On Wed, Jul 20, 2022 at 6:51 PM Bart Van Assche <bvanassche@xxxxxxx> wrote:
I'm not familiar with the SATA code but from a quick look it seems like
the above code is only triggered from inside the ATA error handler
(ata_do_eh() -> ata_eh_recover() -> ata_eh_revalidate_and_attach() ->
schedule_work(&(ap->scsi_rescan_task) -> ata_scsi_dev_rescan()). It
doesn't seem normal to me that the ATA error handler gets invoked during
a resume. How about testing the following two code changes?
Thanks for your suggestions!
* In sd_start_stop_device(), change "return sd_submit_start(sdkp, cmd,
sizeof(cmd))" into "sd_submit_start(sdkp, cmd, sizeof(cmd))" and below
that call add "flush_work(&sdkp->start_done_work)". This makes
sd_start_stop_device() again synchronous. This will learn us whether the
behavior change is caused by submitting the START command from another
context or by not waiting until the START command has finished.

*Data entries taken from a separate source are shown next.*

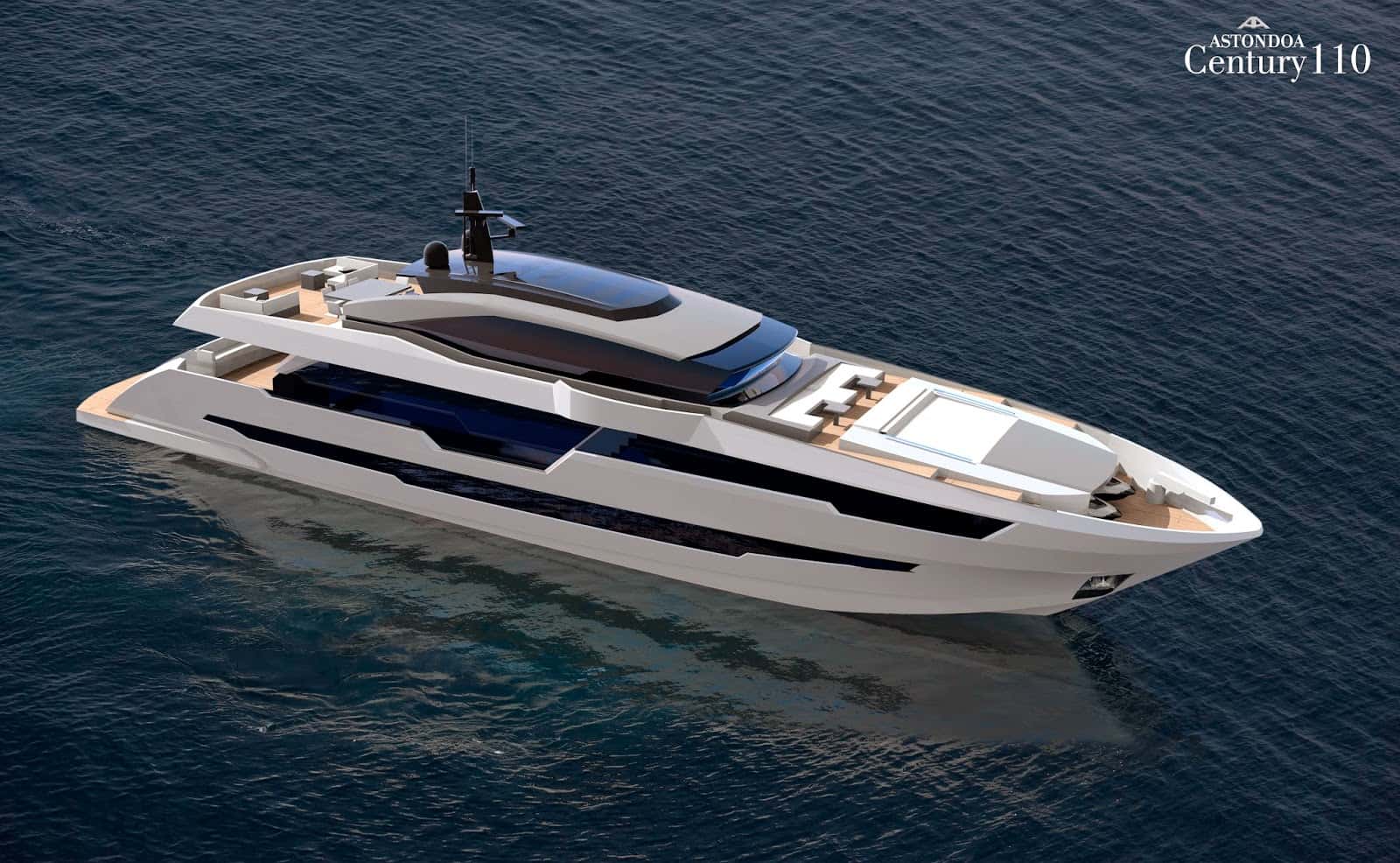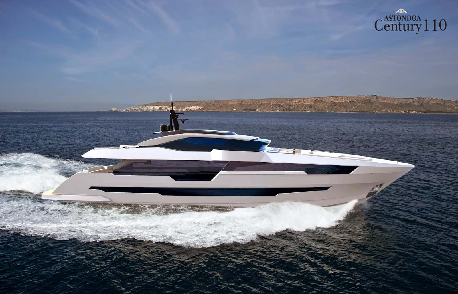 El primero de los modelos de esta nueva línea es el Astondoa Century 110, se trata de un yate de 110 pies con flybridge, que hace honor a la tradición ya conocida por todos de grandes y buenos cascos con una optima navegación y aderezado con un diseño exterior actual y moderno que junto a una decoración e interiorismo personalizada al cien por cien al gusto del armador.
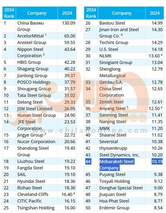 رتبه نخست این فهرست را گروه چینی بائو با تولید 130میلیون و 90هزار تن فولاد میانی در سال 2024 در اختیار دارد.
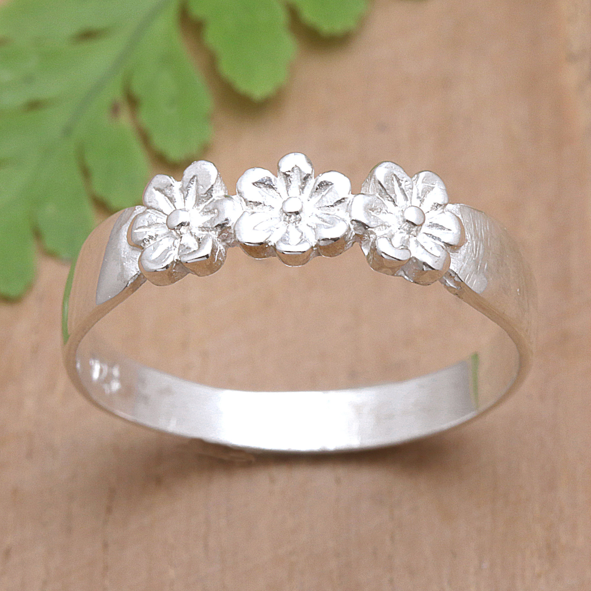 Sterling Silver Band Ring with Floral Motifs from Bali, 'Floral Trio'
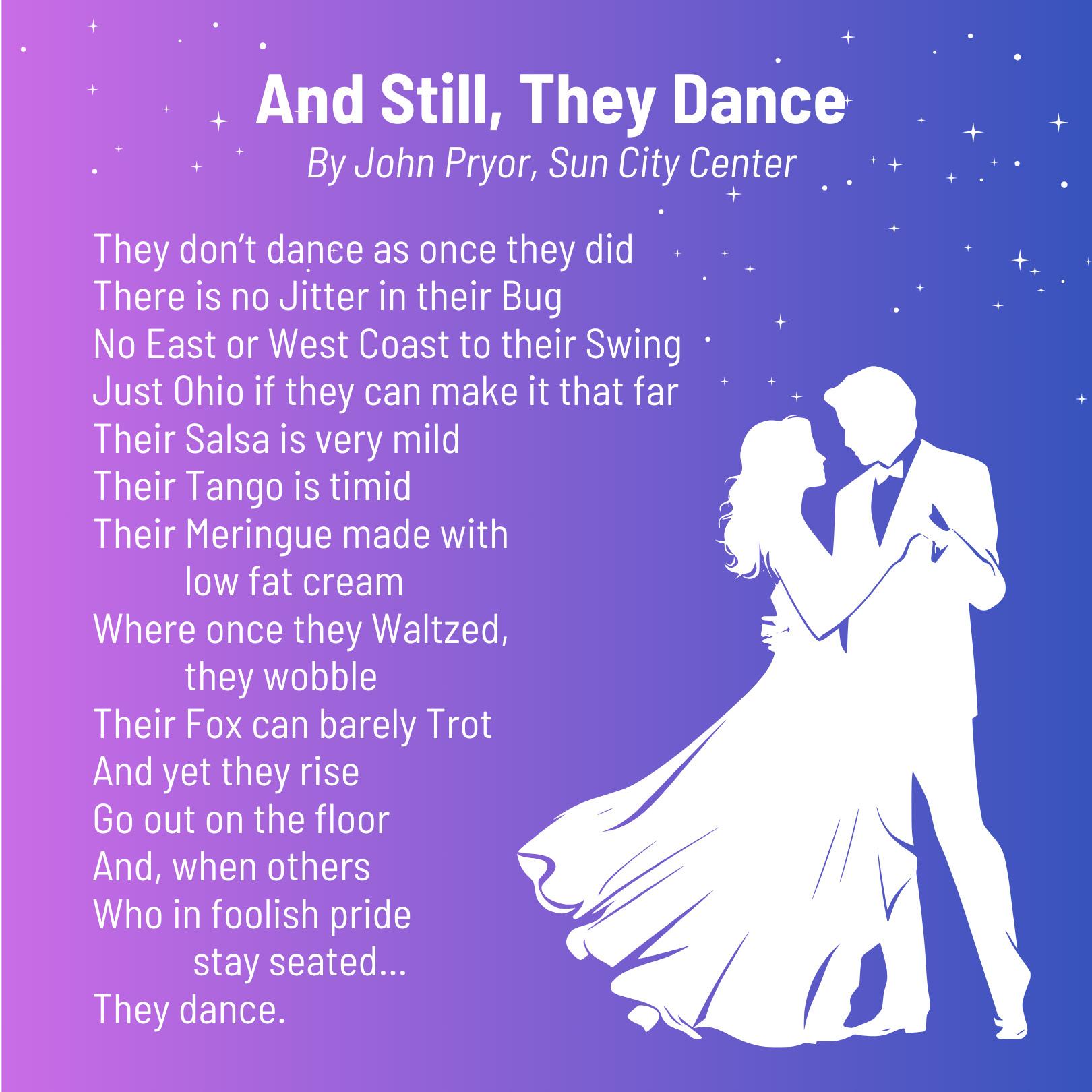 5621 – CWF, 80 yrs, NS, SD, HWP, R, P, FF, TLC. Loves theater, dancing, swimming, walks, especially ocean walks, people, my toy poodle, and teaching Tai Chi. Looking forward to spending time with you. N Ft Myers.
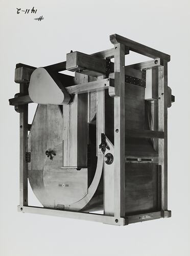 Black and white promotional image of a machine. It is part of a collection of photographs and marked printer's copy used in the preparation of trade literature promoting products manufactured by the Schumacher Mill Furnishing Works Pty Ltd. The items were originally housed in a wooden filing drawer, with many filed by subject.
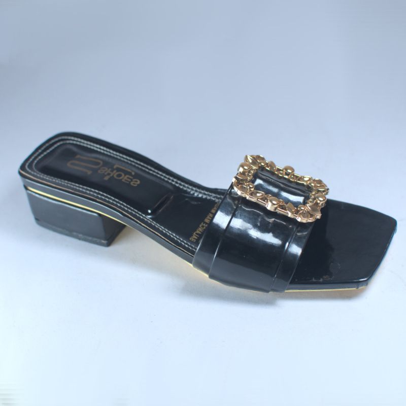 Ladies Fashion Block Low Heel -Black
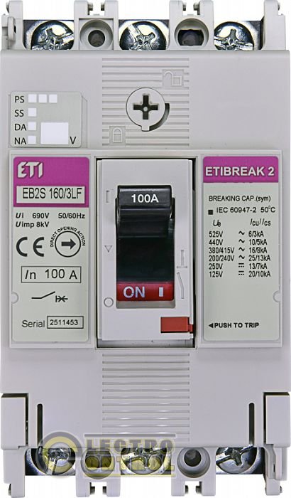 На сайті інтернет – магазину ecshop (Електроконтроль) , Ви можете ознайомитися й купити автоматичний вимикач EB2S 160/3LF 100А 3P (16kA фіксовані настроювання) 4671809 ETI.
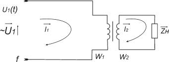 Считаем, вторичная обмотка разомкнута (нет нагрузки). На первичную действует U1 (t). В цепи возникает ток:
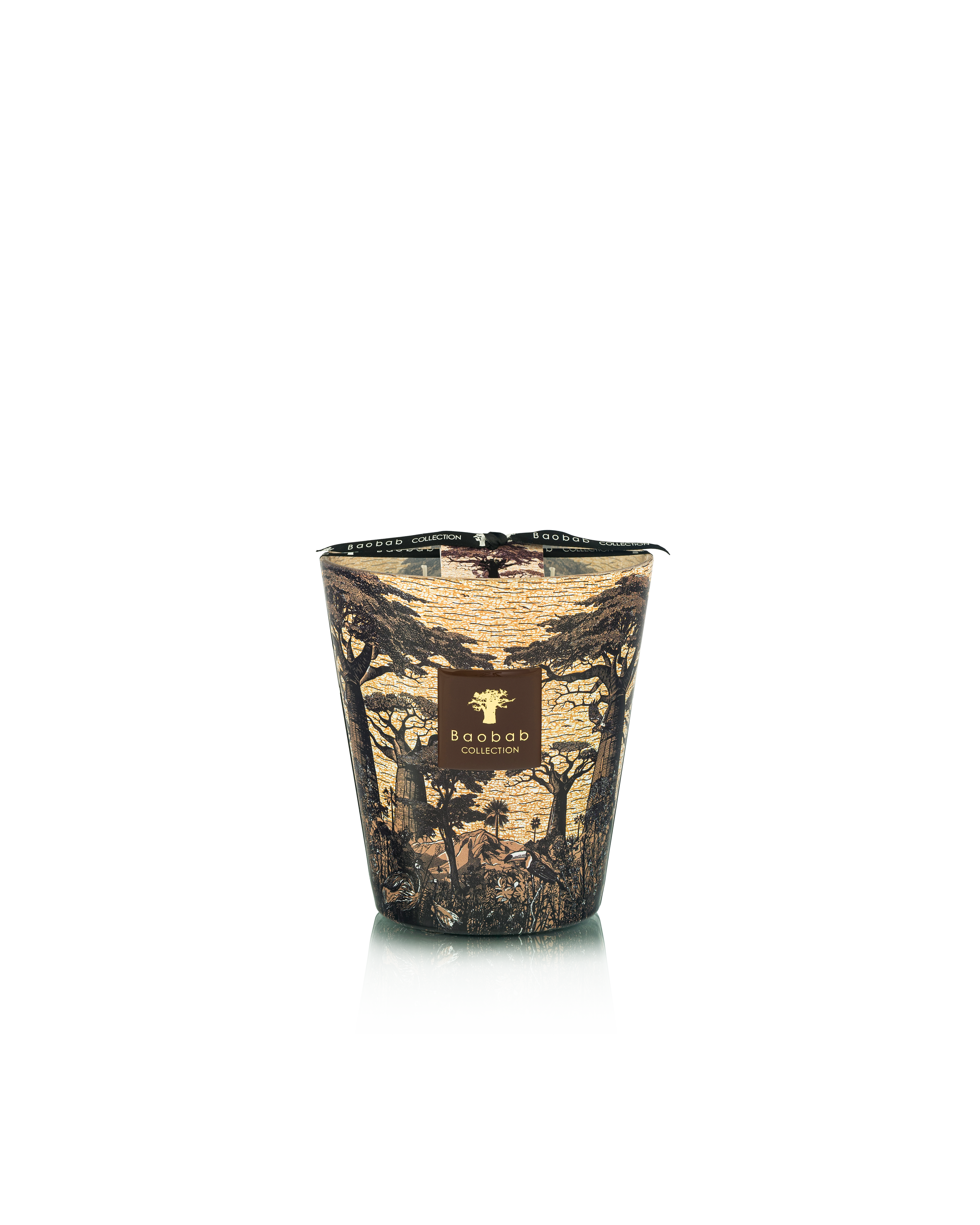 The Mankono scented candle is named after the region in northern Côte d’Ivoire where we pursue our social and ecological actions. Its glass is adorned with an exclusive print, designed by the artists at Uniwax — the emblematic house of African textile printing — which sits harmoniously on the glass, while coming to life under the flame thanks to the expertise of sublimation.
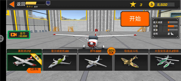 3、挑選心儀的飛機型號,準備起飛;
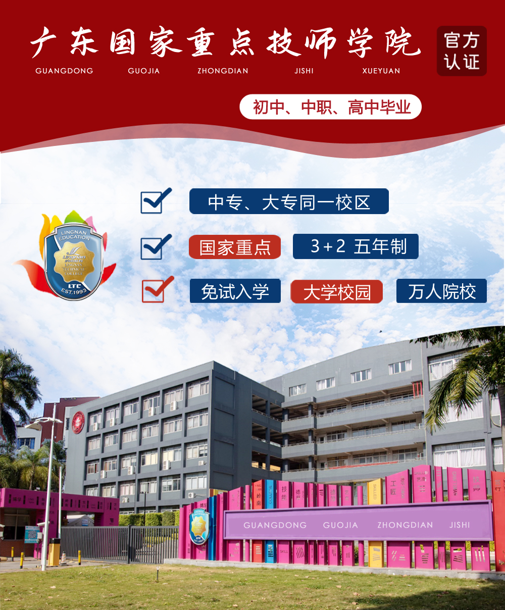 学院位于广州天河区,地铁口旁边,是广东省级师学院(中职最高级)。2007年晋升为省一类技工学校,2011年被评为国家重点高级技工学校,2014年晋升为高级技工学校,因办学管理质量好,于2019年经省人民政府批准,升格为技师学院。设有经济管理系、医药健康系、智能制造系、信息技术系、电子商务系、艺术设计系六大系,开设专业30余个,在校生近7000余人。

Unfortunately this doesn't have any impact.
* Back out the above change, change "return sd_submit_start(sdkp, cmd,
sizeof(cmd))" again into "sd_submit_start(sdkp, cmd, sizeof(cmd))" and
below that statement add a call to
scsi_run_queue(sdkp->device->request_queue). If this change helps it
(that's the static scsi_run_queue() in drivers/scsi/scsi_lib.c?)
means that the scsi_run_queue() call is necessary to prevent reordering
of the START command with other SCSI commands.
Unfortunately this doesn't have any impact either.